A very quiet, elderly, saintly lady all the way in the back shyly raised her hand. The pastor asked her to come to the front. Slowly she made her way to the pastor. He told her how wonderful it was that she gave so much and in thanksgiving asked her to pick out three hymns.

 

Her eyes brightened as she looked over the congregation, pointed to the three handsomest men in the building and said, "I'll take him, him, and him."

 

You know you live in 2005 when...

 

1.         You accidentally enter your pin number on the microwave.

2.         You haven't played Solitaire with real cards in years.

3.         You have a list of 15 phone numbers to reach your family of three.

4.         You email your mate who works at the next desk to you.

5.         When you go home after a long day at work you answer the phone in a business manner.

6.         When you make phone calls from home, you accidentally dial '9' to get an outside line.

7.         You've sat at the same desk for four years and worked for three different companies.

8.         You learn about your redundancy on the 10 o'clock news.

9.         Your boss doesn't have the ability to do your job.

10.       Contractors out-number permanent staff and are more likely to receive long-service awards.

 

Say it

 

Said the parson at the wedding

Don't be nervous for you see

Everything that's said or done

You say or do it after me.

 

Wilt thou take and wed this woman

And endeavour to be true?

But the bridegroom much embarrassed

Only stammered, “After you!”

 

Mother commenting on teenage son: My son is going through one of those awkward stages, from hooligan to layabout.

 

Husband: “What are you doing standing there, staring into the fridge?”

Wife: “Fighting temptation, dear.”

 

Heaven

Q: Why are there so few men with whiskers in heaven?

A: Because most men get in by a close shave.

 

Harp n' roll

Saint Peter to new arrival from a rock group: I'm sorry, you'll have to be satisfied with the harp. There are no electric guitars up here.”

 

Priest: “Do you want to go to heaven?”

Parishioner: “No, father.”

Shocked priest: “But you must want to go to heaven when you die!”

Parishioner: “Oh yes, when I die, Father. But I thought you were getting a party together right now.”

 

Happy marriage

An elderly couple were asked the secret of their long and happy marriage, and the wife explained: “In our house, my husband makes all the major decisions and I make all the minor ones. For example, he decides such things as what we should do about East-West trade, crime in the streets, the war in Iraq, welfare cheating, and any increase in taxes. I take care of the minor things such as to which house we buy, what kind of car we drive, how much money we spend, and how we raise the children.

 

Grand-dad and the Computer

The computer swallowed Grand-dad

Yes honestly, it's true.

He pressed 'control' and 'enter'

And disappeared from view.

It's devoured him completely

The thought just makes me squirm.

Maybe he's caught a virus

Or been eaten by a worm.

I've searched through the recycle bin

And files of every kind.

I've even used the internet

But nothing could I find.

I asked Jeeves in desperation

My searches to refine.

The reply from him was negative

Not a thing was found online.

So, if someday in your 'In Box'

My Grand-dad you should see.

Please 'Scan', 'Copy' and 'Paste' him

In an e-mail back to me.

 

Why a university would never give God a PhD

1. He had only one major publication. 

2. It was in Hebrew. 

3. It had no references. 

4. It wasn't published in a refereed journal. 

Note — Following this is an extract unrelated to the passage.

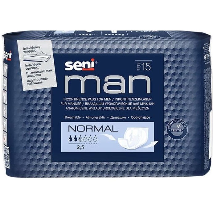 Вкладыши специальные для мужчин seni man в размере EXTRA LEVEL 3 (ЭКСТРА УРОВЕНЬ 3), 15 шт. Предназначены для впитывания выделений у мужчин. Уровень впитываемости – 3 капли. Вкладыши быстро впитывают влагу и нейтрализуют неприятный запах, обеспечивая надежную и незаметную защиту. Созданы с учетом мужской анатомии, комфортно прилегают к телу и не ограничивают свободу движения.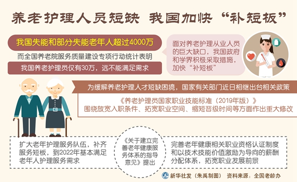 新華社北京11月5日電(記者田曉航)來自全國老齡辦的數(shù)據顯示,我國失能和部分失能老年人超過4000萬,而全國養(yǎng)老院服務質量建設專項行動統(tǒng)計表明,我國養(yǎng)老護理員僅有30萬,遠不能滿足需求。面對養(yǎng)老護理從業(yè)人員的巨大缺口,我國政府和學界積極采取措施,加快“補短板”。

5. Some even doubt he wrote it by himself. 

6. It may be true that he created the world, but what has he done since then? 

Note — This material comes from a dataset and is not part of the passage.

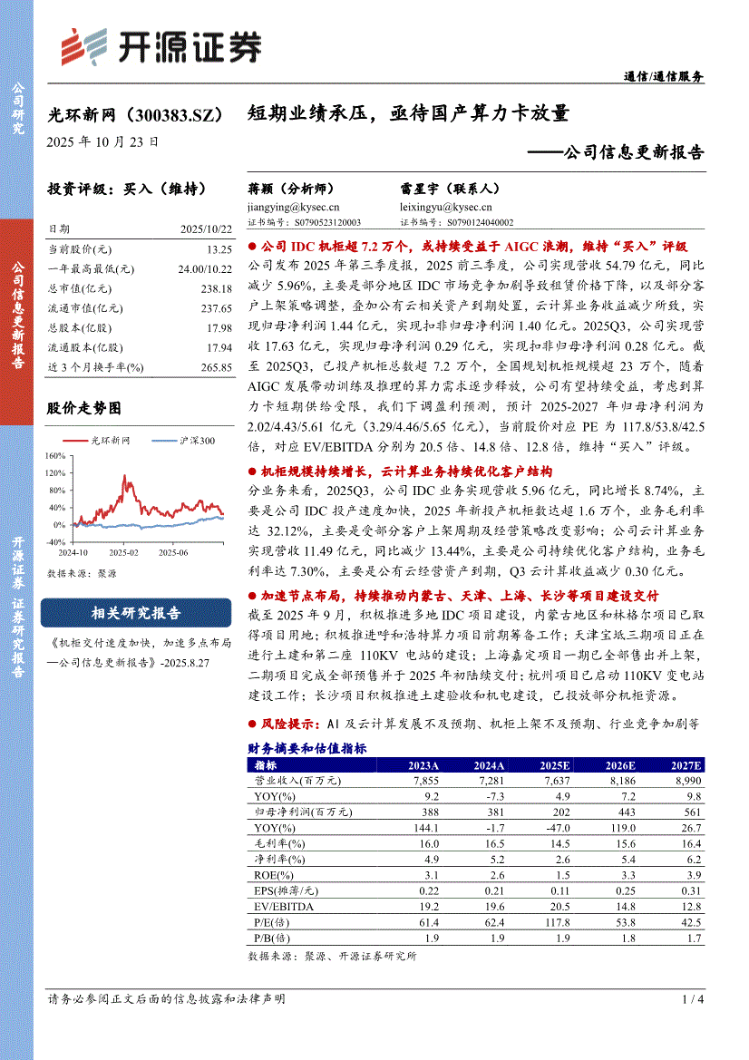 光环新网:开源证券-光环新网-300383-公司信息更新报告:短期业绩承压,亟待国产算力卡放量-251023

7. His cooperative efforts have been quite limited. 

8. The scientific community has had a hard time replicating his results.

9. He never applied to the ethics board for permission to use human subjects. 

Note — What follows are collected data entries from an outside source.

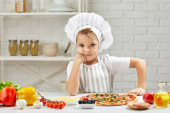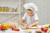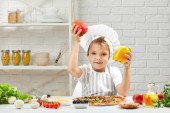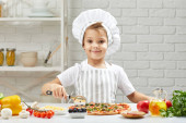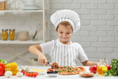 mały chłopiec w kapeluszu szefa kuchni i fartuch gotowanie pizzy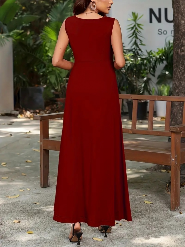 Kadın Sıfır Kol Kalın Askılı Viskon Tam Boy Elbise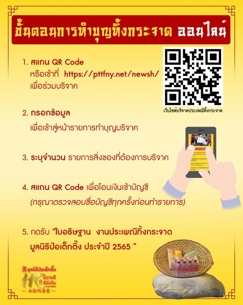 เนื่องจากสถานการณ์การแพร่ระบาดของโควิด-19 ในขณะนี้ เพื่อลดความเสี่ยงและการเพิ่มมาตรการการป้องกันการแพร่ระบาด มูลนิธิป่อเต็กตึ๊ง จึงจัดให้มีช่องทางการร่วมทำบุญทิ้งกระจาดใหม่ ผ่านระบบออนไลน์ https://pttfny.net/newsh/ ในอีกทางหนึ่ง
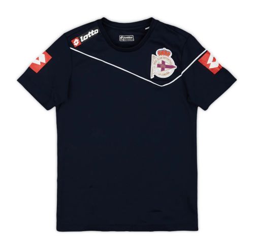 The traditional home kit of Deportivo de La Coruña features blue and white stripes, accompanied by blue shorts and white socks.

10. When one experiment went awry he tried to cover it by drowning his subjects. 

11. When subjects didn't behave as predicted, he deleted them from the sample. 

12. He rarely came to class, just told students to read the book. 

13. Some say he had his son teach the class. 

14. He expelled his first two students for learning. 

15. Although there were only 10 requirements, most of his students failed his tests. 

16. His office hours were infrequent and usually held on a mountain top.